It was previously determined that the concordance between the different non-invasive oxygenation indexes and the PaO2/FiO2 obtained by arterial gases is high7,16,23,24 Cineci and Gomez found an overall correlation index of 0.745 between SpO2/FiO2 and PaO2/FiO2 in patients with ARF11; Rice et al. using imputation formulas, report a correspondence range between 0.73 and 0.8812,14,15 that are similar to those observed in our study (greater than 0.77). This accuracy can be influenced by the use of PEEP, hemoglobin levels, total bilirubin values, by the determinants of the affinity of oxygen for hemoglobin (pH, temperature, CO2, 2.3-diphosphoglycerate, and fetal hemoglobin)12,15 and extreme values of arterial saturation,6,25 which can vary in critically-ill ventilated patients. Our results show an important decrease in the correlation in subjects with hyperbilirubinemia (total bilirubin ≥3mg/dL) and hemoglobin less than ≤7mg/dL, without it being significantly affected by temperature, vasoactive support, and severity of multiorgan involvement.

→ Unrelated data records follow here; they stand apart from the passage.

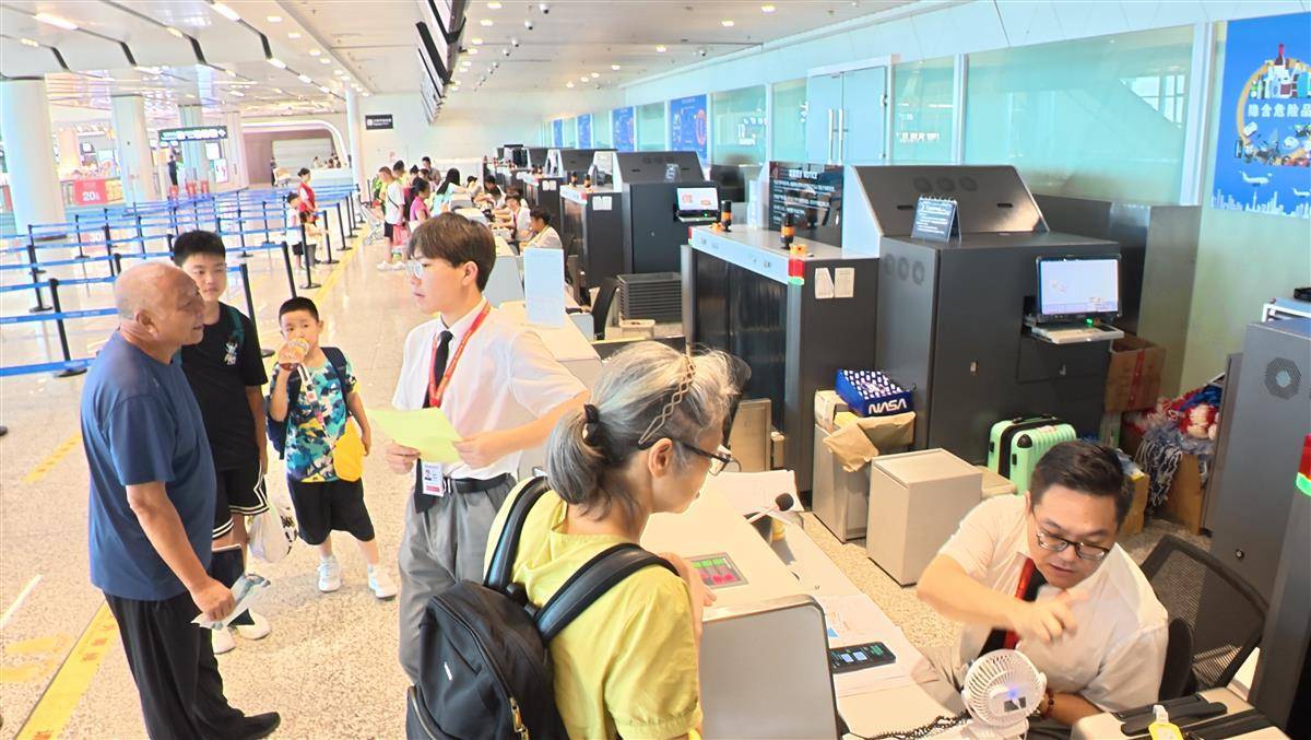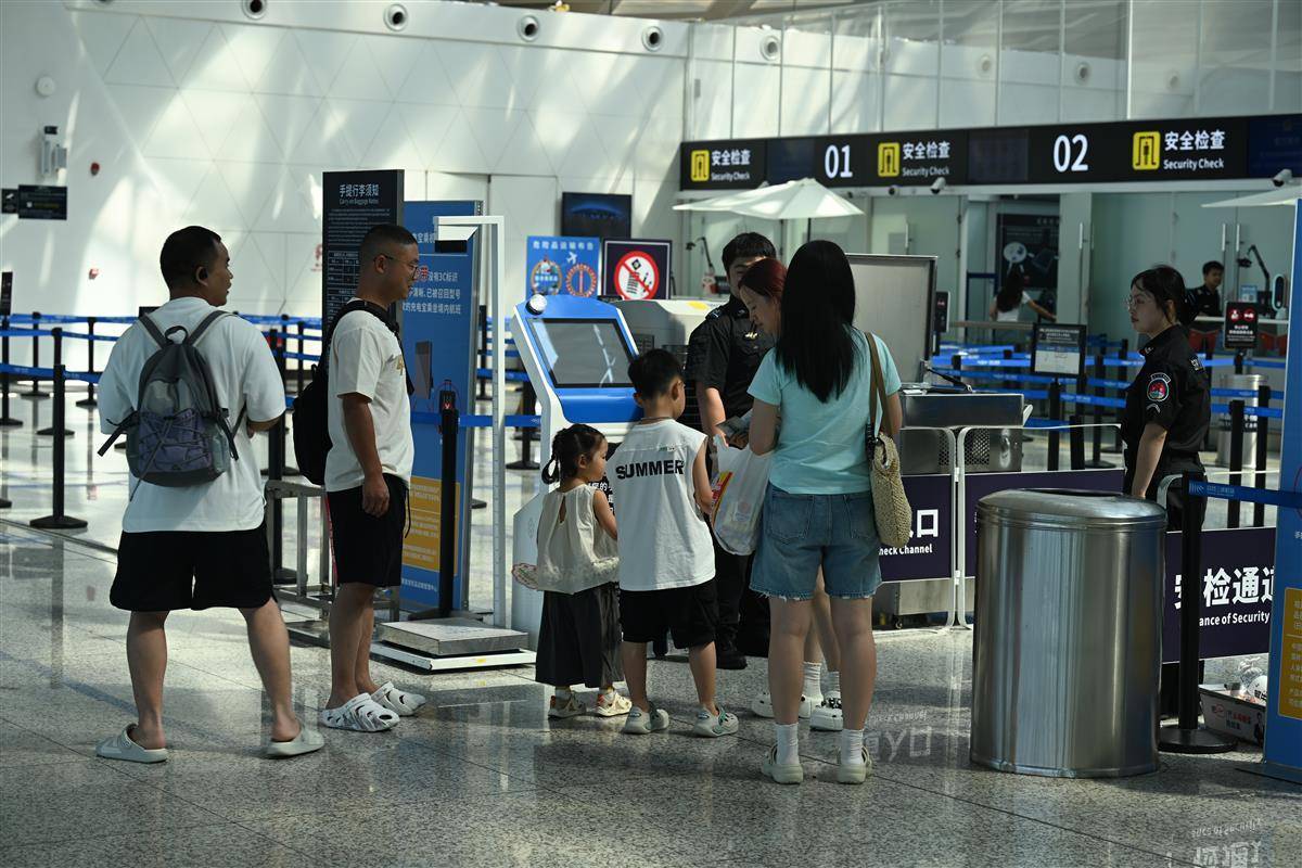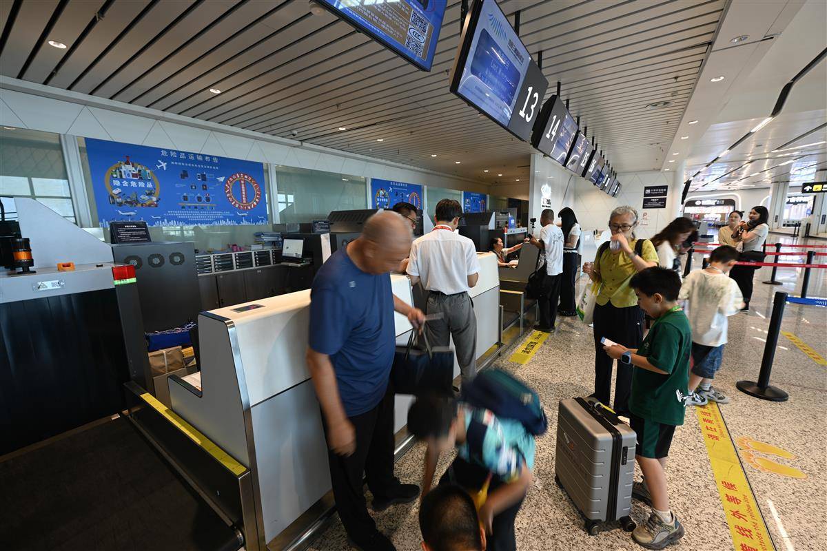 7月29日,记者在宜昌三峡国际机场航站楼内看到,人流如织,值机柜台和安检通道前,旅客们正井然有序地进行值机和行李托运,现场一片繁忙景象。随着暑期旅游旺季的来临,三峡国际机场暑运“热度”持续攀升。据三峡国际机场相关数据显示,今年暑运开始以来,截至7月28日,三峡机场执飞航班已达2548架次,运送旅客31万人次,与去年同期相比,分别实现了22%和25%的增长 。日均起降航班91架次,日均运送旅客1.1万人次。(湖北日报全媒记者 刘曙松 通讯员 蔡晓舒 王婷婷 摄)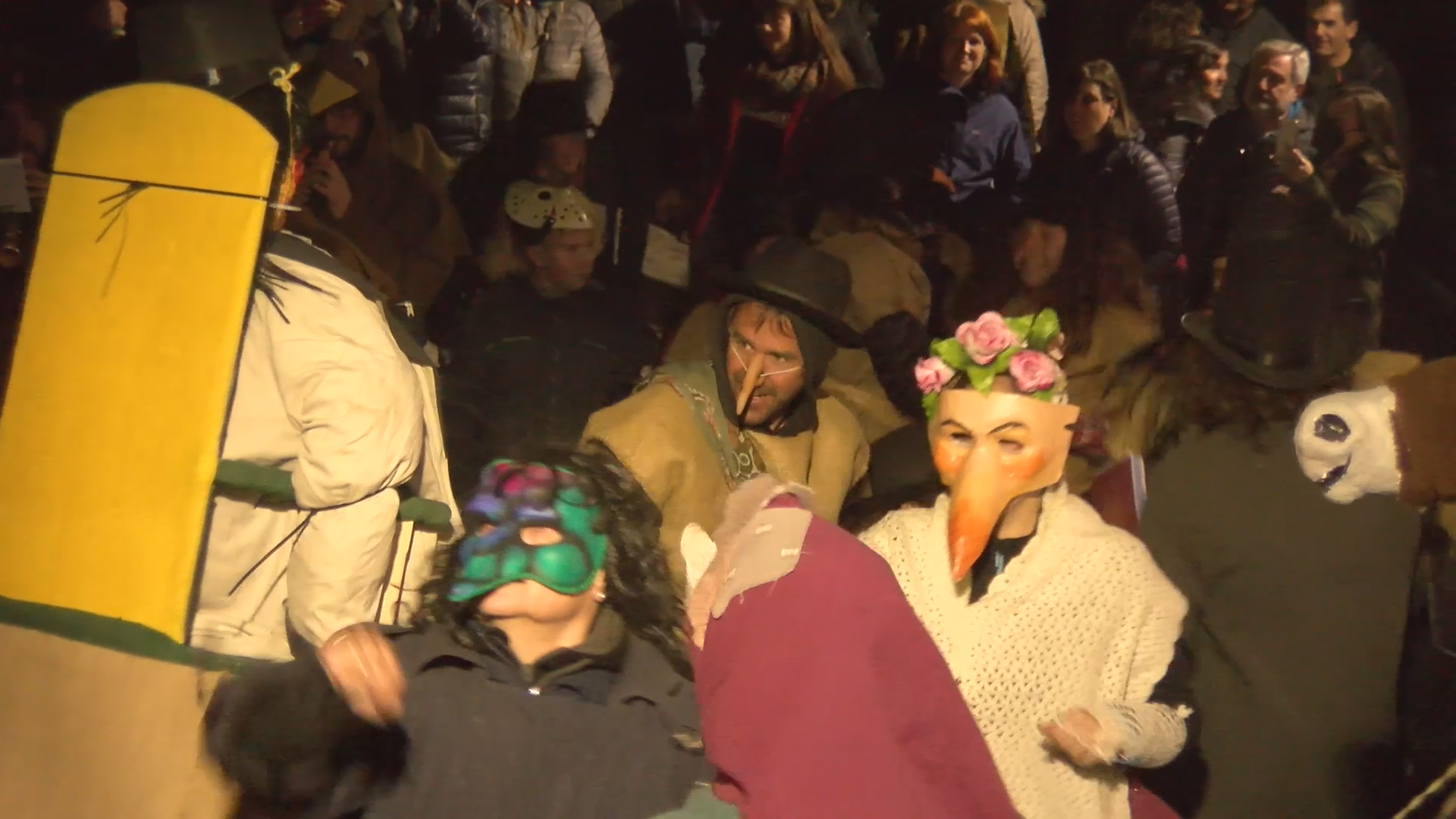Aquest dijous Gras al vespre, ha tingut lloc la cercavila pels carrers del nucli urbà, on els personatges han aprofitat per canviar el nom d’algunes places. Després han pres l’ajuntament i tot seguit han fet el pregó de Carnaval. Tots acompanyats de veïns i veïnes.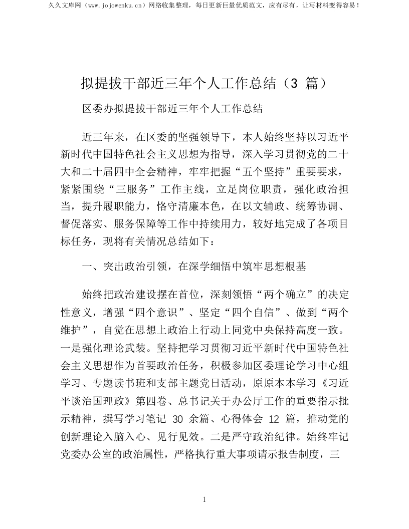拟提拔干部近三年个人工作总结(3篇)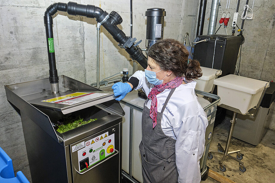 «Die maschinelle Entsorgung ist eine massgebliche Verbesserung zum bisherigen System mit den Kübeln, mit klaren Abläufen und ohne Kontamination an heiklen Stellen im Betrieb», zeigt sich Sabine Hagg im abschliessenden Feedbackgespräch gegenüber Jakob Wagner erfreut. Einzig die versehentliche Eingabe von Besteck und anderen Fremdstoffen gelte es zu vermeiden. Das erfordere eine etwas erhöhte Achtsamkeit des Personals und die Reinigung der Eingabestation nach dem Prozess eine gewisse Routine. Für das Personal ist die Handhabung des BioMasters aber insgesamt sehr einfach. «Die Anlage vermittelte uns ausserdem einen guten Überblick über unser Food Waste-Volumen und ist durch die hochwertige Wiederverwertung in der Biogasanlage ein nachhaltiges System», ergänzt Sabine Hagg.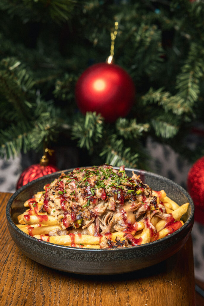fries, pulled confit turkey in homemade gravy, pork stuffing, cranberry sauce and chives.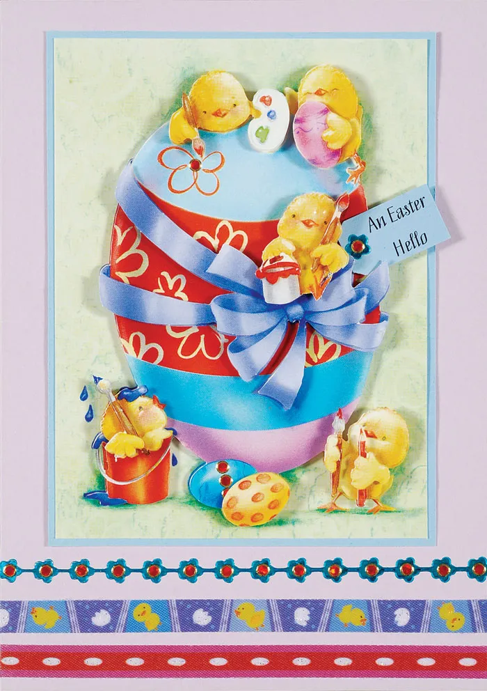 Add border stickers evenly spaced below the card topper as shown. Write or computer print “An Easter Hello” on light blue cardstock. Trim to a small tag and foam tape overlapping the right edge of the egg embellishment. Trim a tiny flower from remaining flower sticker and place on the end of the tag. Add red Jewel Dazzles™ stickers to decorate the flower sticker border, individual flower sticker, and die-cut embellishment as shown.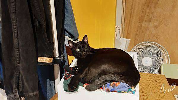 這位黑貓大大就大喇喇的躺在待售的襪子盒內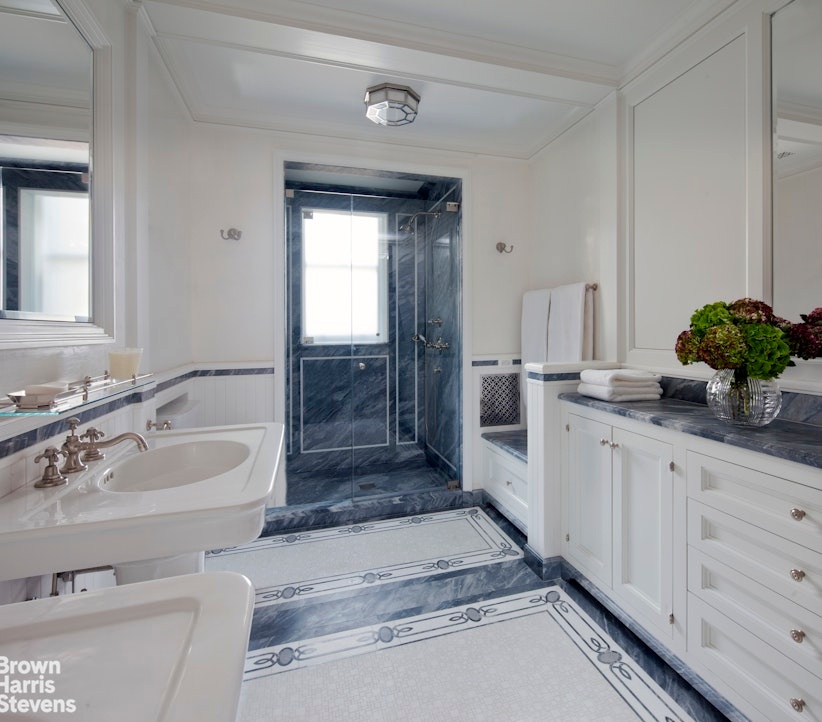 To the north of the gallery is the very private primary bedroom suite, with oversized picture windows overlooking Central Park. An entire adjacent bedroom now serves as a dressing room with custom designed storage and hanging spaces. This brilliantly thought out layout allows for access to dual bathrooms on either side of the dressing room, with an additional walk-in closet off the corridor.

Theoretically, imputation techniques that simulate the hemoglobin dissociation curve have a better diagnostic yield with the patient's oxygenation status. Brown's12,13 and Gadrey's24 studies found that the diagnosis of moderate-to-severe hypoxemia is better when non-linear formulas are used. Despite this, our data show similar performance among the different imputation methods, without important changes in their diagnostic capacity when patients with arterial oxygen saturation greater than 97% are included. This difference is probably explained by the type of population studied and the barometric pressure to which our patients are exposed. It is important to emphasize that our results are aimed at the recognition of severe hypoxemia and not hyperoxemia, where the subrogated SpO2 values may be more limited.25

Although mechanical ventilators represent a closed circuit, there are not pressurized; therefore, patients ventilated at high altitude may have lower PaO2 and SaO2 values than those obtained at sea level.6,26,27 Previous observations show that the corresponding values of SaO2/FiO2 from 214 to 235 are equivalent to a PaO2/FiO2 (for arterial gases) of 200 in inhabitants of low-altitude areas.11,15 However, there are no studies in patients under invasive mechanical ventilation living at more than 1500m a.s.l. that establish a single SpO2/FiO2 value corresponding to a given PaO2/FiO2. This limitation also affects the values obtained by imputation methods, since it is not possible to establish values that correspond to these measurements without any margin of error.13 Considering these difficulties, we propose a table of equivalence between SpO2/FiO2 ranges and PaO2/FiO2 values imputed by the three methods and that obtained by arterial gases, to establish values for the diagnosis and follow-up of patients with different degrees of hypoxemia that may be useful in clinical practice. We must not forget to evaluate these considering medical criteria and the condition of the patient.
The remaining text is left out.